Donald Trump shocked the political world by surviving in 2016. He fought back by rallying his base, which saw him as persecuted by the media, the political establishment and the Democratic Party. It's the same strategy Kavanaugh is pursuing now. Trump's unexpected victory in 2016 enraged many women, emboldened them to speak out and helped provoke the emergence of the “Me Too” movement.
 
Trump also made the “Me Too” movement highly partisan. You can see the evidence in a HuffPost poll taken in mid-August, after President Trump nominated Kavanaugh but before Christine Blasey Ford's charges against him became public. Women had a 51 percent favorable view of the “Me Too” movement.

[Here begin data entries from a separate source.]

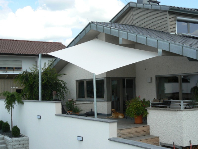 Der gleichzeitig formschöne konkave Schnitt trägt signifikant zur optimalen Spannung des Sonnensegels bei. Durch das Edelstahldrahtseil, welches im Saum verläuft, wird die Spannung gleichmäßig aufgebaut. Ein korrekt verspanntes Sonnensegel ist Grundlage für zügigen Regenablauf und hohe Windfestigkeit.
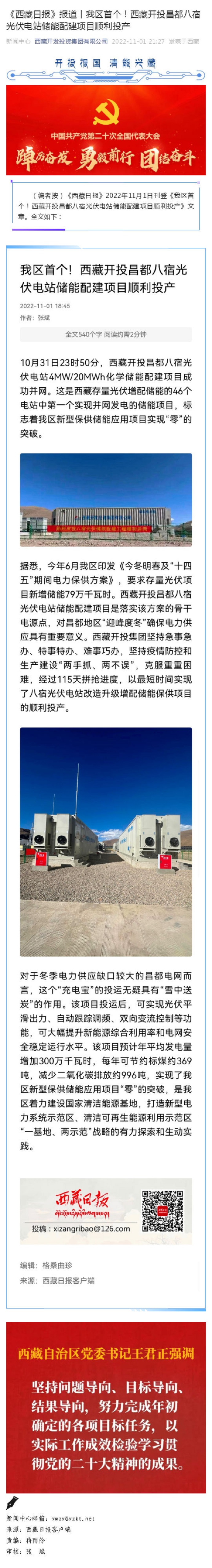《西藏日報(bào)》報(bào)道丨我區(qū)首個!西藏開投昌都八宿光伏電站儲能配建項(xiàng)目順利投產(chǎn)
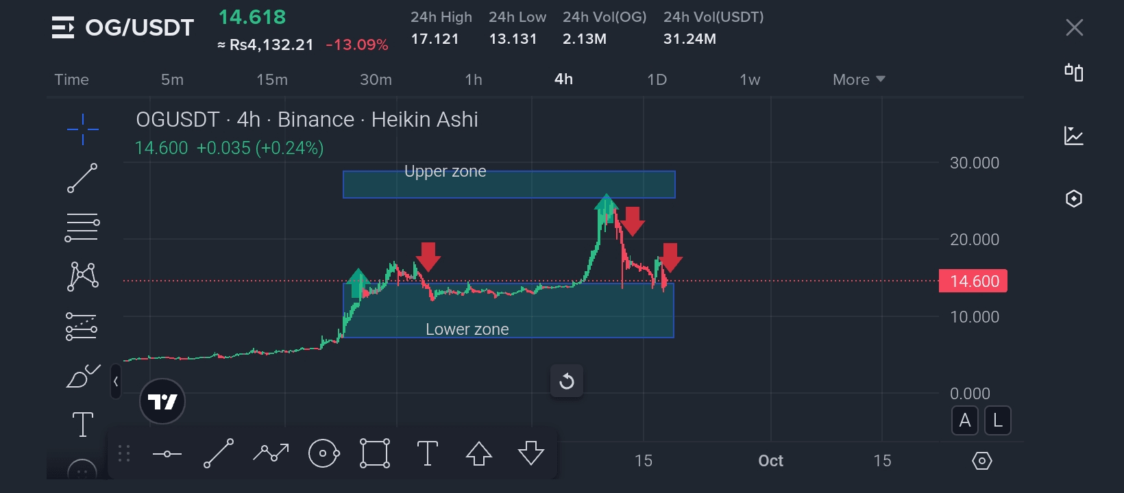 V tuto chvíli se OG/USDT obchoduje kolem 14,60 USD po silném odmítnutí z horní zóny 📉. Cena se prudce snížila z rozsahu 17–18 USD, kde jsme viděli několik svícnů odmítnutí, zvýrazněných červenými šipkami v grafu. To potvrzuje, že horní zóna funguje jako silná rezistence.
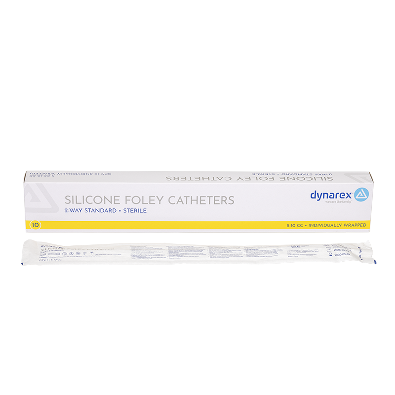 Dynarex Silicone Foley Catheters are 2-way catheters designed to provide dependable drainage and improved patient comfort during long-term indwelling use. Made from clear silicone to allow easy visualization of urine flow, clots, and mucus, the catheters feature large, smooth eyes to support efficient drainage and reduce discomfort. The pliable shaft and firm tip help aid smooth insertion, while the silicone material is designed to minimize tissue irritation and reduce the risk of encrustation over time.
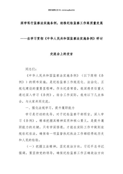 【七哥公文】2025年:【七哥公文】深学笃行监察法实施条例,助推纪检监察工作高质量发展——在学习贯彻《中华人民共和国监察法实施条例》研讨交流会上的发言+更多免费公文+VX:QiGeGongWen2024+更多免费公文+VX:QiGeGongWen2024

Democrats were 71 percent favorable. Most Republicans were critical of “Me Too” (54 percent unfavorable). Men were divided –– 36 percent favorable and 37 percent unfavorable. The division between men and women over “Me Too” is considerably smaller than the division between Republicans and Democrats.
 
A confirmation hearing is not a trial. Nevertheless, Republicans got Clarence Thomas confirmed in 1991 by turning his confirmation into a trial. Americans “get” trials, especially after years of watching Perry Mason (and later, O.J. Simpson). Anita Hill could not prove beyond a reasonable doubt that Thomas was guilty of sexual harassment. It was her word against his. To vote against Thomas's confirmation meant to declare Thomas guilty, and most senators were not prepared to do that.  
 
The same thing is happening now with the Kavanaugh confirmation. It has become a trial. The Republican majority on the Judiciary Committee allowed only one accuser to testify, and she did not present conclusive proof that Kavanaugh was guilty. Democrats did succeed in delaying the vote by convincing Sen. Jeff Flake, an anti-Trump Republican, to demand an FBI investigation. The FBI had a week to come up with corroborating evidence that might prove Kavanaugh's guilt for something that happened 36 years ago.
 
The bitter division in American politics did not start with Donald Trump. It goes back at least fifty years, to the polarization over values that emerged during the turbulence of the 1960s. As Bill Clinton put it in 2004, “If you look back on the sixties and you think there was more good than bad, you're probably a Democrat. If you think there was more harm than good, you're probably a Republican.” The movement for women's rights, like many other social movements, began in the 1960s. It eventually gave rise to the “Me Too” movement.
 
Republicans argue that Democrats like Bill Clinton and Barack Obama are responsible for deepening the country's political division. But Democrats did not set out deliberately to divide the country. Trump did. He saw the country's division as an opportunity. Trump exploited the division in order to get elected. And he governs by dividing.
 
The great polemicist Emile Zola triggered the Dreyfus affair in France by publishing an open letter with the dramatic headline,  "J'accuse . . . !" Democrats will be lining up to say “J'accuse!” as soon as the 2020 presidential campaign begins.